## Work to complete
Look through the data below for the line with "2024-25 Panini Donruss", and transcribe it exactly together with each line after it up to and including the line with "여성용 면옷 2025". Give nothing else.

## Records for this task
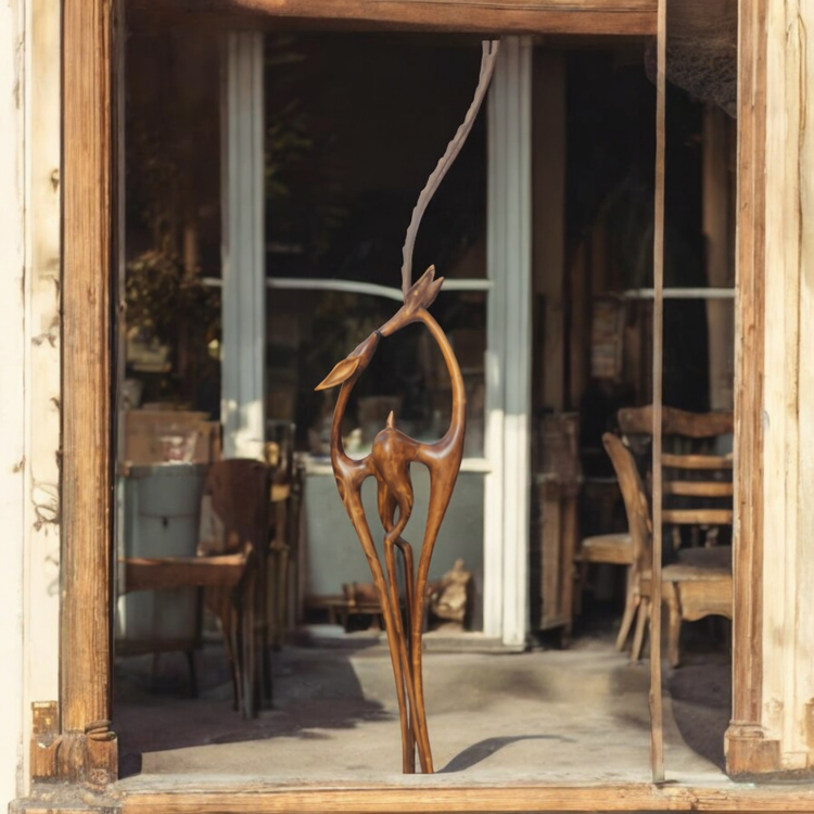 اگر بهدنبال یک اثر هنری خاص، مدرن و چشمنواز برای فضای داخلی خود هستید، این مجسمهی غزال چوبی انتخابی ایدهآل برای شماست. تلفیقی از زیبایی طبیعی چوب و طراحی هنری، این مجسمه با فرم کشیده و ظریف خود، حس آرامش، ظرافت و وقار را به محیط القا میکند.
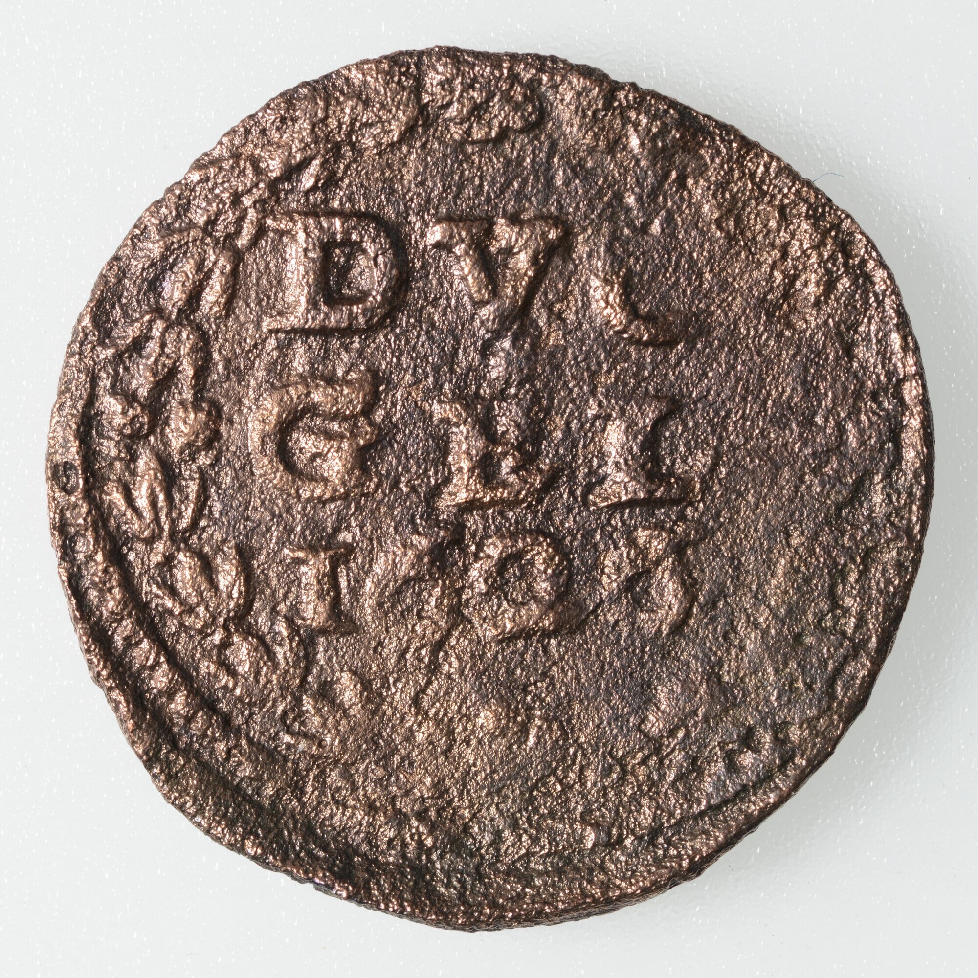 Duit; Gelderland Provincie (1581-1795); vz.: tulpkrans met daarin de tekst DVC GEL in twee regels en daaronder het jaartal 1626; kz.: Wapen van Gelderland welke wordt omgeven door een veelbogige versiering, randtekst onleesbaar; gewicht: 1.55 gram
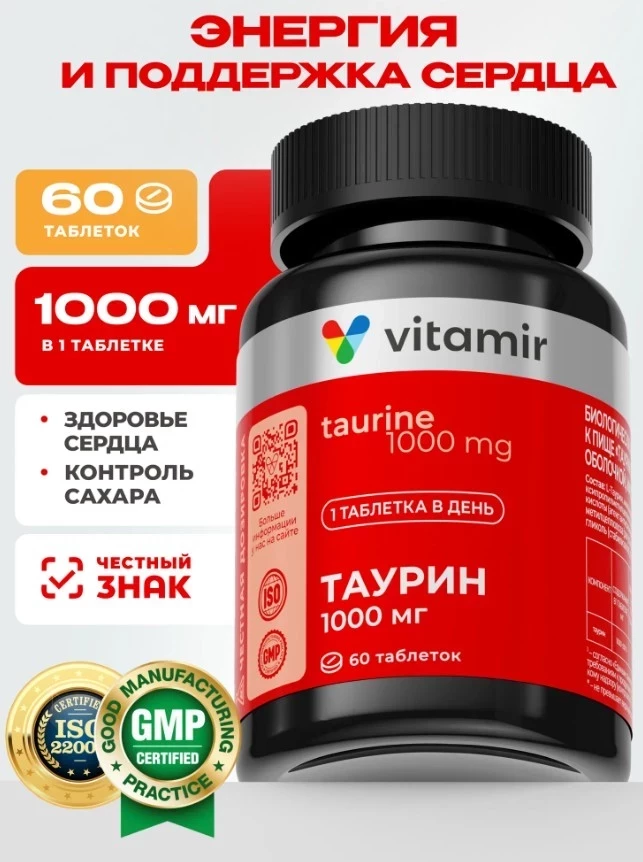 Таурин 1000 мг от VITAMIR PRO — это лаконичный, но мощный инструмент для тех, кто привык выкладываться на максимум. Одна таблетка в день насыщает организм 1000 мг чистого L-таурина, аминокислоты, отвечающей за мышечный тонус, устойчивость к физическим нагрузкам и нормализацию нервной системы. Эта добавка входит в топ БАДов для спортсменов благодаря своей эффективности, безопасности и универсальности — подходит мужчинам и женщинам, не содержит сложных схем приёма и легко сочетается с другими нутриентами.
---
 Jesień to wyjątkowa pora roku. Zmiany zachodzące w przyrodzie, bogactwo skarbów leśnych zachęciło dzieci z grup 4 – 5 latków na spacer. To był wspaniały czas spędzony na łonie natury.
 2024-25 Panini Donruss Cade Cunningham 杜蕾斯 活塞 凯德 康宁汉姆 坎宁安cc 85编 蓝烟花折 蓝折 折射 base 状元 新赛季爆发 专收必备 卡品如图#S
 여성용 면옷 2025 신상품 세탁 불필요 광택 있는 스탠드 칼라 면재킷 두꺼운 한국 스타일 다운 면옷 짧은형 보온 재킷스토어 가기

## Reply to the task
 2024-25 Panini Donruss Cade Cunningham 杜蕾斯 活塞 凯德 康宁汉姆 坎宁安cc 85编 蓝烟花折 蓝折 折射 base 状元 新赛季爆发 专收必备 卡品如图#S
 여성용 면옷 2025 신상품 세탁 불필요 광택 있는 스탠드 칼라 면재킷 두꺼운 한국 스타일 다운 면옷 짧은형 보온 재킷스토어 가기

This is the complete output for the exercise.